[Task] With the pictures left out, print exactly the lines below that run from the one containing "本校の体育祭種目は、「1~3" through the one containing "21 Toulon $2,600,000".

[Records supplied]
· · · ·

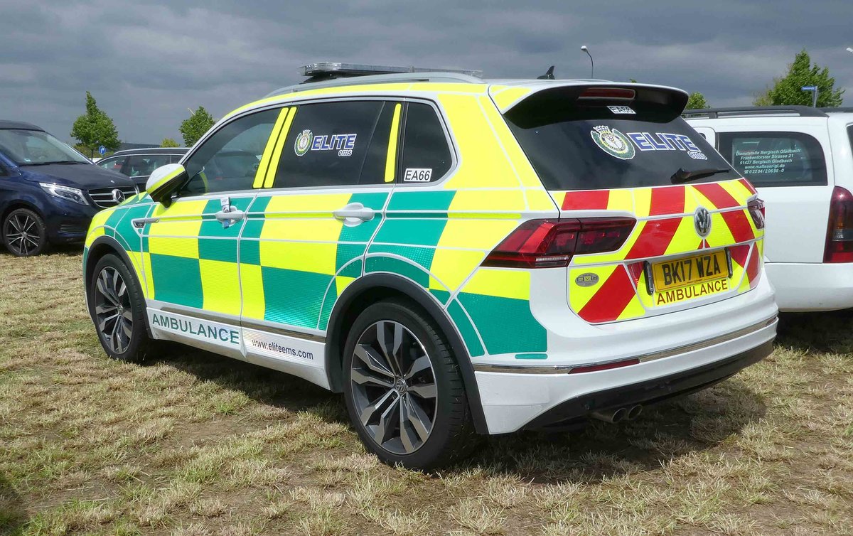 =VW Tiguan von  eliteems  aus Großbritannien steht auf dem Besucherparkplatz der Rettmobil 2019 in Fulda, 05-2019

· · · ·

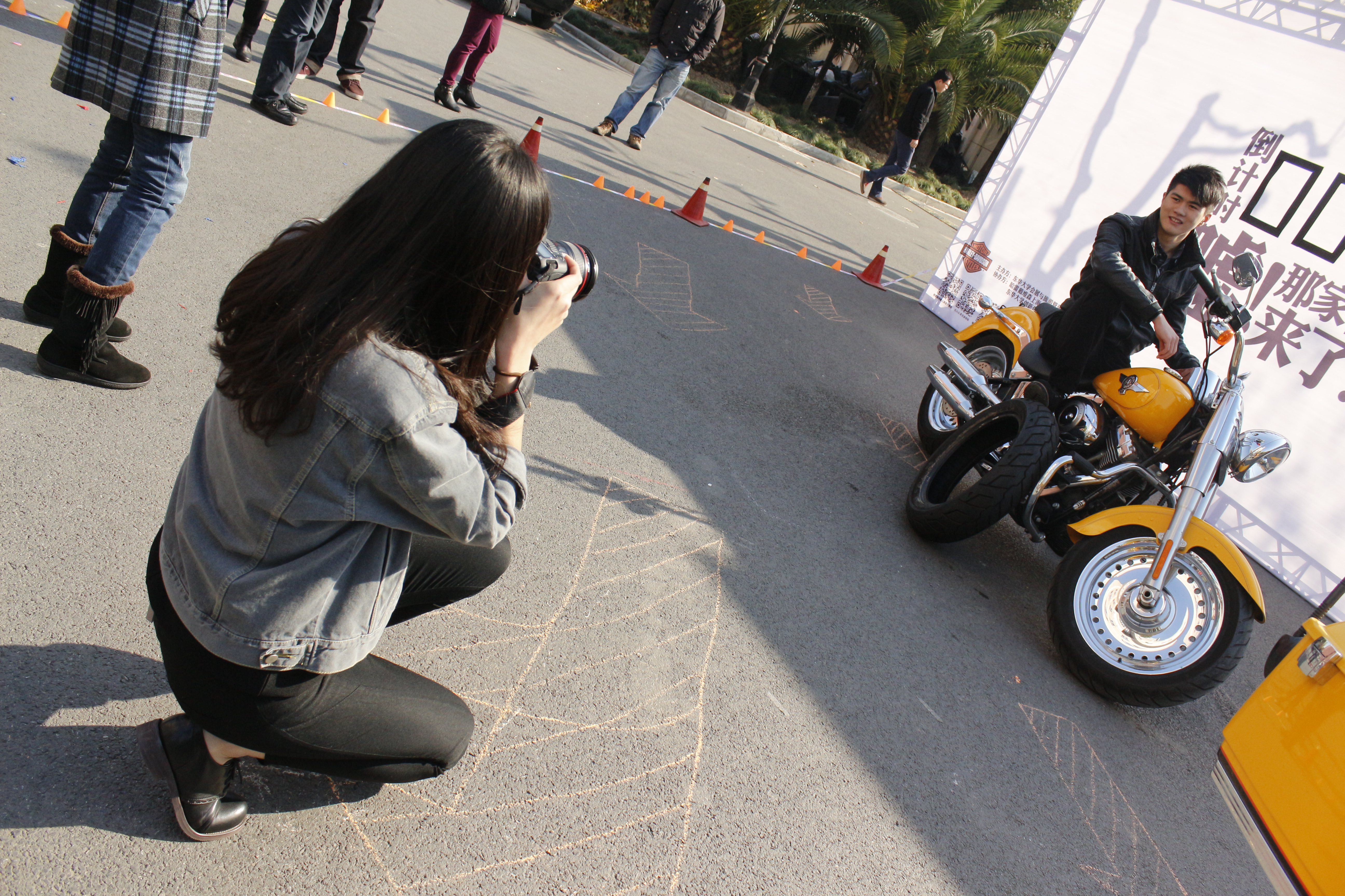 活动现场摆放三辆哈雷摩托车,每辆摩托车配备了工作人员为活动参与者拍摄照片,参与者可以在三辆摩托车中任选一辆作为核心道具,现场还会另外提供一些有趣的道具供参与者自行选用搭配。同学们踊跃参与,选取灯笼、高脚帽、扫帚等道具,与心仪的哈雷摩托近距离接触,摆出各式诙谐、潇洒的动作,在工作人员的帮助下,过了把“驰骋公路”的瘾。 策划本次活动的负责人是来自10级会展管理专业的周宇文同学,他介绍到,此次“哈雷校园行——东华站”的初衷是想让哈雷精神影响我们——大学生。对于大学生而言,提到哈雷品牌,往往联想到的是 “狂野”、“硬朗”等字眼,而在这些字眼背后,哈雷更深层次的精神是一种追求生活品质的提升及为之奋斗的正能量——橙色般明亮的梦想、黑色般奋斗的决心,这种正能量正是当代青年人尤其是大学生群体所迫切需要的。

· · · ·

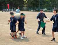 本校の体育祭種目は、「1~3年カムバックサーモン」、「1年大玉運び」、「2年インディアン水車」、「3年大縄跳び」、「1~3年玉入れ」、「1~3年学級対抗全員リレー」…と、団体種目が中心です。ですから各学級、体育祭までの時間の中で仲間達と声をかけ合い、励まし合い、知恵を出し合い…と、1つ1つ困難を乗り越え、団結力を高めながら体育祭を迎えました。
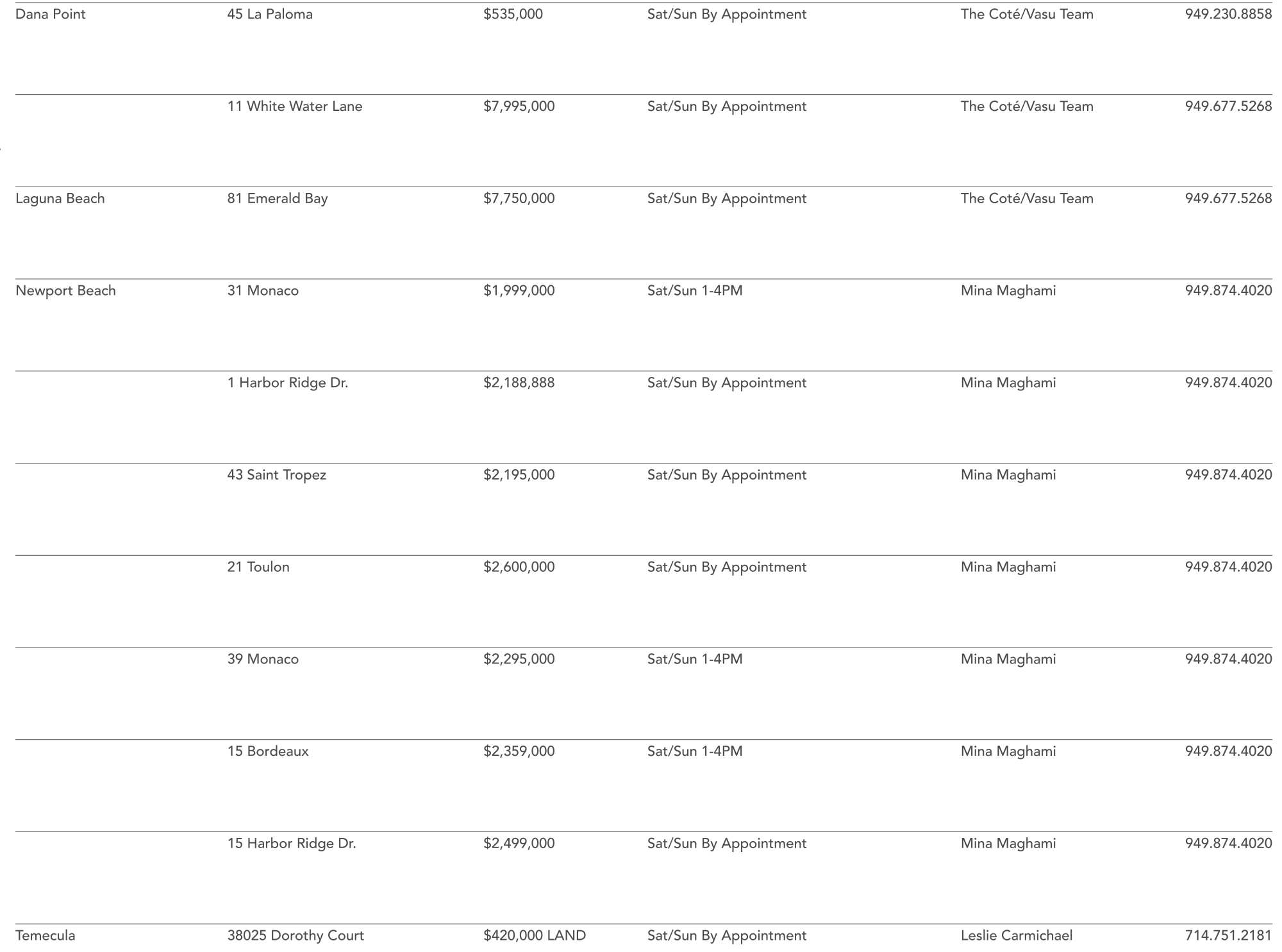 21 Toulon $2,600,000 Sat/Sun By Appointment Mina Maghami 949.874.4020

· · · ·

[Exercise response]
 本校の体育祭種目は、「1~3年カムバックサーモン」、「1年大玉運び」、「2年インディアン水車」、「3年大縄跳び」、「1~3年玉入れ」、「1~3年学級対抗全員リレー」…と、団体種目が中心です。ですから各学級、体育祭までの時間の中で仲間達と声をかけ合い、励まし合い、知恵を出し合い…と、1つ1つ困難を乗り越え、団結力を高めながら体育祭を迎えました。
 21 Toulon $2,600,000 Sat/Sun By Appointment Mina Maghami 949.874.4020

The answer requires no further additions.